_Problem_: Only one stretch of the data below is wanted: the lines starting at the one with "Nadaj swojemu kącikowi" and ending at the one with "EDDIE210 Uzgriežņu atslēgas", both included, given again exactly.

_Data section_:
+---+

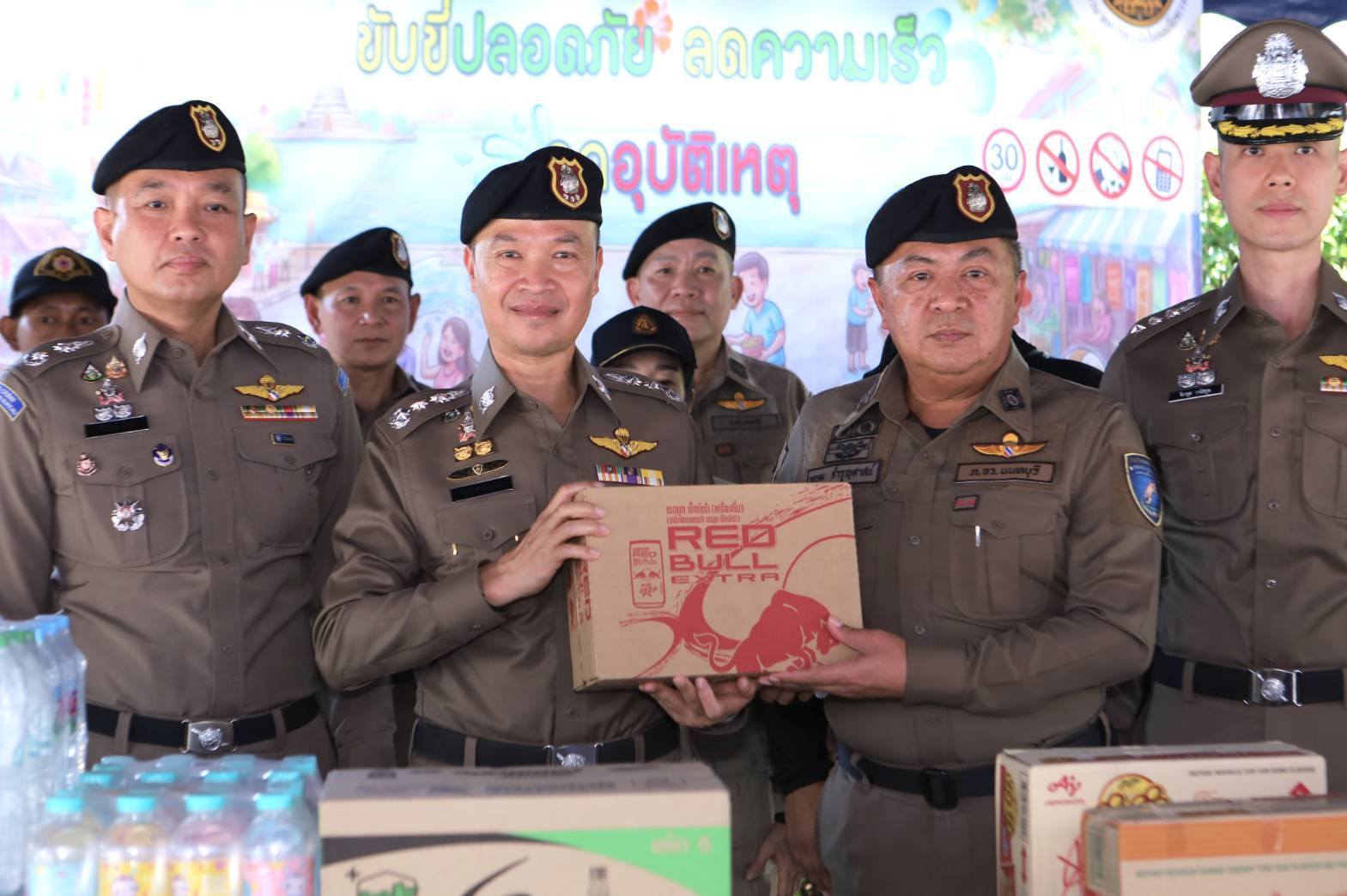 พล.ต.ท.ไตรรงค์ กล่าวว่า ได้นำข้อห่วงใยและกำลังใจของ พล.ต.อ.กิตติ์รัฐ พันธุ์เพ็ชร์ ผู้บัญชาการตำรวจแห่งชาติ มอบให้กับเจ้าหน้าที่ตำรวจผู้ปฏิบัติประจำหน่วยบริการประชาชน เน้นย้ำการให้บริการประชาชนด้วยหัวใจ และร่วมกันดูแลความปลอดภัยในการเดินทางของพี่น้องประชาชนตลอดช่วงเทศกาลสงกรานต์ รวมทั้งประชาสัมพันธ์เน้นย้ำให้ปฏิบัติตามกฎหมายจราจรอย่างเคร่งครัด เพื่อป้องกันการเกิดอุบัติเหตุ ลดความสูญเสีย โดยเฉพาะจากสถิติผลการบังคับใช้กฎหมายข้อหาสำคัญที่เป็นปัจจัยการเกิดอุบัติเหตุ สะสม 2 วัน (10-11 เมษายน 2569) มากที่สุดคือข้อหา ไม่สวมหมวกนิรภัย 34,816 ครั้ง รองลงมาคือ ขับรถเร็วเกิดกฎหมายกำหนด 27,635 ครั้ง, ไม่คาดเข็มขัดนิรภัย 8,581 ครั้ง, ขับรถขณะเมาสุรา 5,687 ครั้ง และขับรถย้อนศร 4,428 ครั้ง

+---+

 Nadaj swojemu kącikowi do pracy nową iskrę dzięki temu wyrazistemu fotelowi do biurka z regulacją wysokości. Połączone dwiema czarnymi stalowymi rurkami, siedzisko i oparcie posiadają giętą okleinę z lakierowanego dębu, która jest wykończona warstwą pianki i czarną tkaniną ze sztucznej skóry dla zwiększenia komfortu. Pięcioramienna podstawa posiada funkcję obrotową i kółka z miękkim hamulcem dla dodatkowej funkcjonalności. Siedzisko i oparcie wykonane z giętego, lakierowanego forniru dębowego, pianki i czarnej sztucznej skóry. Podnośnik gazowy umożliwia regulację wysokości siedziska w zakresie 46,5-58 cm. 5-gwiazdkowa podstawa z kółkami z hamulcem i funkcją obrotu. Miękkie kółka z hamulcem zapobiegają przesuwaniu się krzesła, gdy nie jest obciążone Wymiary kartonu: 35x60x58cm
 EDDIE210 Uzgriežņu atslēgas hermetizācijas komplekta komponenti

+---+

_Answer for the task_:
 Nadaj swojemu kącikowi do pracy nową iskrę dzięki temu wyrazistemu fotelowi do biurka z regulacją wysokości. Połączone dwiema czarnymi stalowymi rurkami, siedzisko i oparcie posiadają giętą okleinę z lakierowanego dębu, która jest wykończona warstwą pianki i czarną tkaniną ze sztucznej skóry dla zwiększenia komfortu. Pięcioramienna podstawa posiada funkcję obrotową i kółka z miękkim hamulcem dla dodatkowej funkcjonalności. Siedzisko i oparcie wykonane z giętego, lakierowanego forniru dębowego, pianki i czarnej sztucznej skóry. Podnośnik gazowy umożliwia regulację wysokości siedziska w zakresie 46,5-58 cm. 5-gwiazdkowa podstawa z kółkami z hamulcem i funkcją obrotu. Miękkie kółka z hamulcem zapobiegają przesuwaniu się krzesła, gdy nie jest obciążone Wymiary kartonu: 35x60x58cm
 EDDIE210 Uzgriežņu atslēgas hermetizācijas komplekta komponenti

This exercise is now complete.